Repeat the records below exactly from the line containing "The red truck" to the line containing "300年の歴史を継承する『あ", taking in both of those lines. Drop the pictures.

(Records supplied)
====================
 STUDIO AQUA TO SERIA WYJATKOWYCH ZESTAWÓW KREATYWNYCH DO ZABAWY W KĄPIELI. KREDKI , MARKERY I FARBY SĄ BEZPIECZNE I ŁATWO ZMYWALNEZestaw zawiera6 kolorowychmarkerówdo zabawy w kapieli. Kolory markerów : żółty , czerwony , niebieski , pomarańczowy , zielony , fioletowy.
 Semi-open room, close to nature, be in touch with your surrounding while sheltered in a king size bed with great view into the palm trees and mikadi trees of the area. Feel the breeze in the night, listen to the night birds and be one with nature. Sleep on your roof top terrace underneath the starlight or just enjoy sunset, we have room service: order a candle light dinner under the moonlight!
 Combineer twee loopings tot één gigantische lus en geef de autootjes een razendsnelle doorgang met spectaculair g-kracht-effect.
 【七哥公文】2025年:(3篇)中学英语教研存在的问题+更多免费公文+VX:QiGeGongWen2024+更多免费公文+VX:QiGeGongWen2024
====================
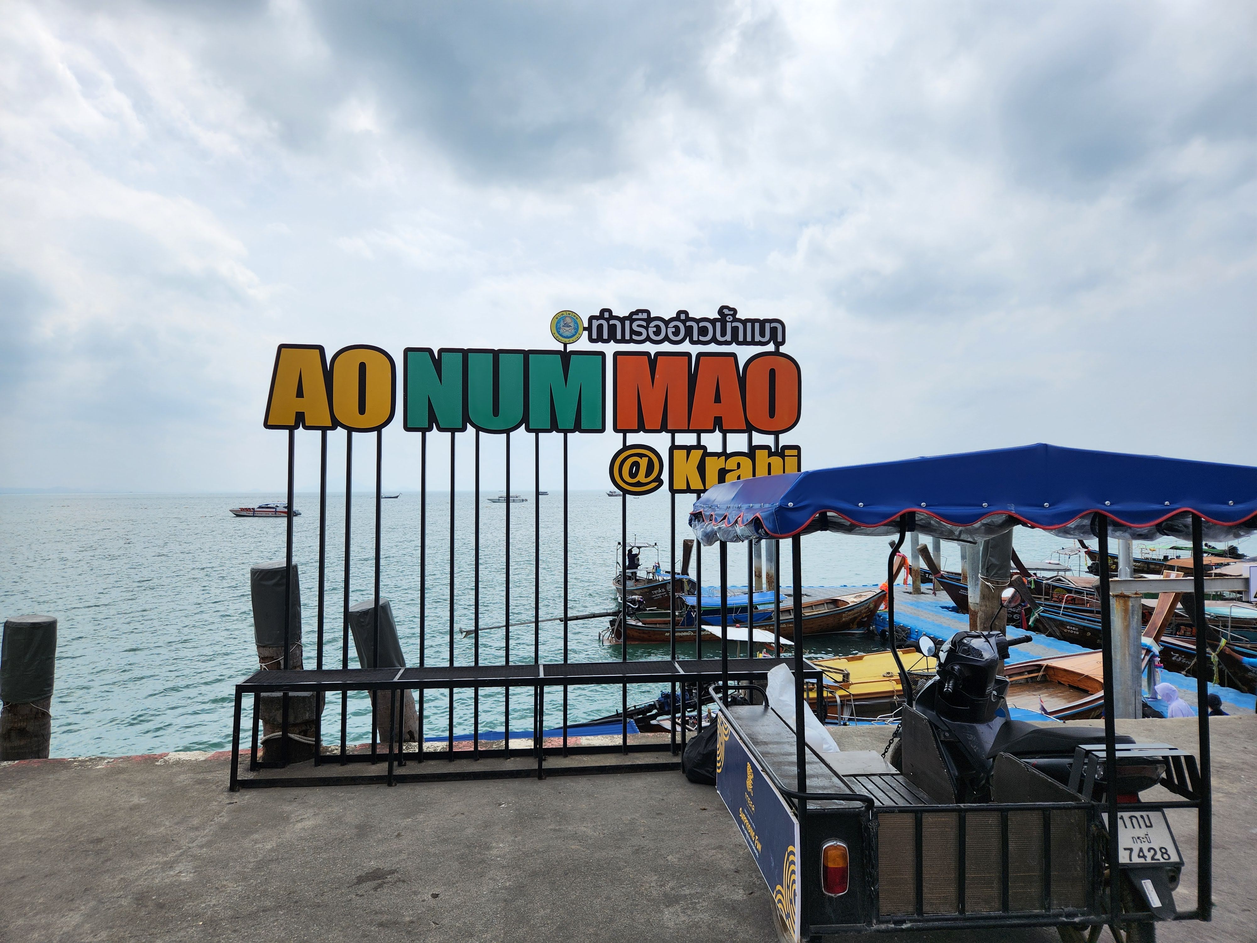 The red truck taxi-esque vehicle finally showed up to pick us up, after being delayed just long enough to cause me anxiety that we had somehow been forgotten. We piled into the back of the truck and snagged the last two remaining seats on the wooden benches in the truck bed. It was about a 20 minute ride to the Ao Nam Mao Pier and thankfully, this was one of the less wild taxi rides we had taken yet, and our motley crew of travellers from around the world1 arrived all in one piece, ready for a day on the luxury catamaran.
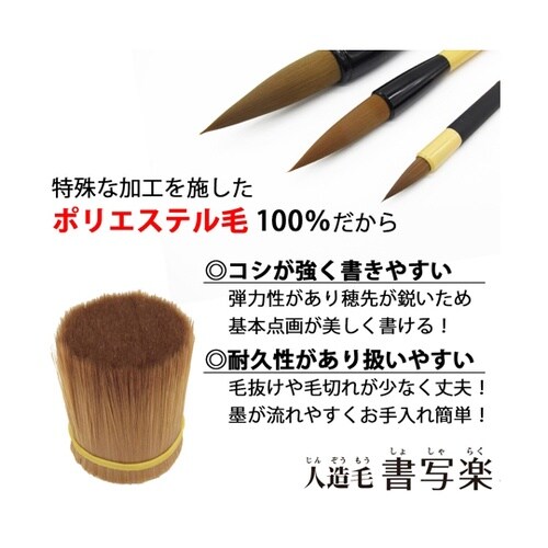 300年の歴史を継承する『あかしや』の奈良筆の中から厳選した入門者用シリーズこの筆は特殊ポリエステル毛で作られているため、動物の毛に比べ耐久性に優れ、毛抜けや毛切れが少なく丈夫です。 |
====================
(Output below)
 The red truck taxi-esque vehicle finally showed up to pick us up, after being delayed just long enough to cause me anxiety that we had somehow been forgotten. We piled into the back of the truck and snagged the last two remaining seats on the wooden benches in the truck bed. It was about a 20 minute ride to the Ao Nam Mao Pier and thankfully, this was one of the less wild taxi rides we had taken yet, and our motley crew of travellers from around the world1 arrived all in one piece, ready for a day on the luxury catamaran.
 300年の歴史を継承する『あかしや』の奈良筆の中から厳選した入門者用シリーズこの筆は特殊ポリエステル毛で作られているため、動物の毛に比べ耐久性に優れ、毛抜けや毛切れが少なく丈夫です。 |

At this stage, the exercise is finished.